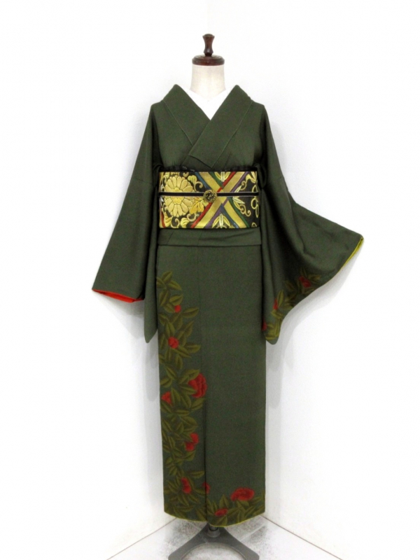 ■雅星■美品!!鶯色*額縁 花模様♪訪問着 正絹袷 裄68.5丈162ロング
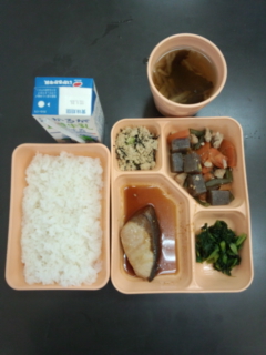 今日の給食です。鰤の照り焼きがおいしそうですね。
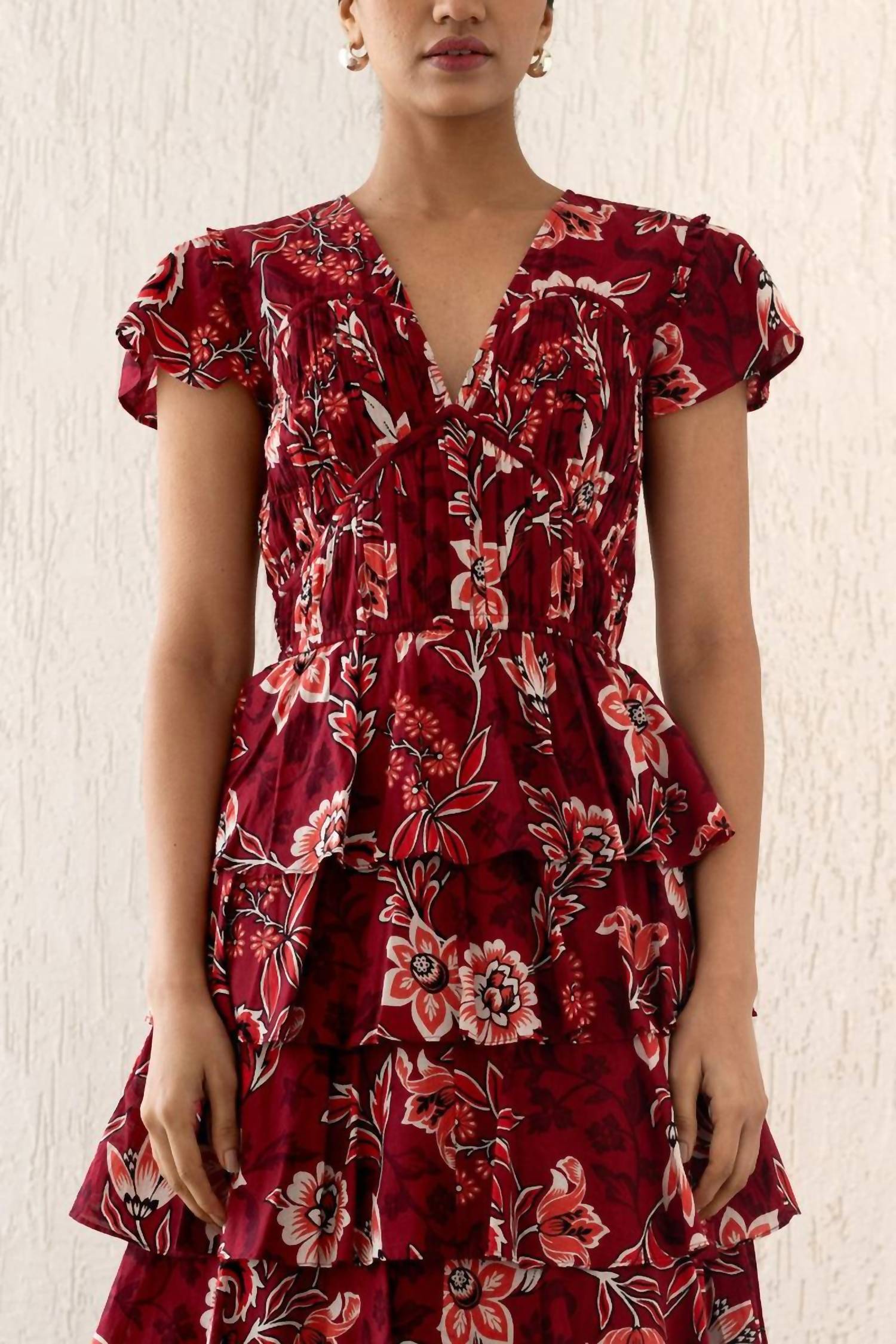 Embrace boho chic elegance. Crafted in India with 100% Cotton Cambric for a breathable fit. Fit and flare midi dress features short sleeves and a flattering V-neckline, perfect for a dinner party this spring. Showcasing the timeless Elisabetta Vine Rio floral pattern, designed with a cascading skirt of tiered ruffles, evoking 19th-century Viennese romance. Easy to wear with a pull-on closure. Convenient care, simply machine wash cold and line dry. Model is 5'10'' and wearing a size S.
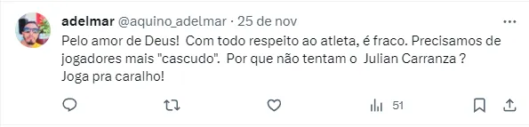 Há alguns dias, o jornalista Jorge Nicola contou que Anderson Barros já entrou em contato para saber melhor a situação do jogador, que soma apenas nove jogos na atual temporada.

#####

_Problem to work on:_
The response must match the data line for line, from its first line through the line with "今日の給食です。鰤の照り焼きがおいしそうですね。", inclusive, and must leave out the pictures.

_Result of the exercise:_
 ■雅星■美品!!鶯色*額縁 花模様♪訪問着 正絹袷 裄68.5丈162ロング
 今日の給食です。鰤の照り焼きがおいしそうですね。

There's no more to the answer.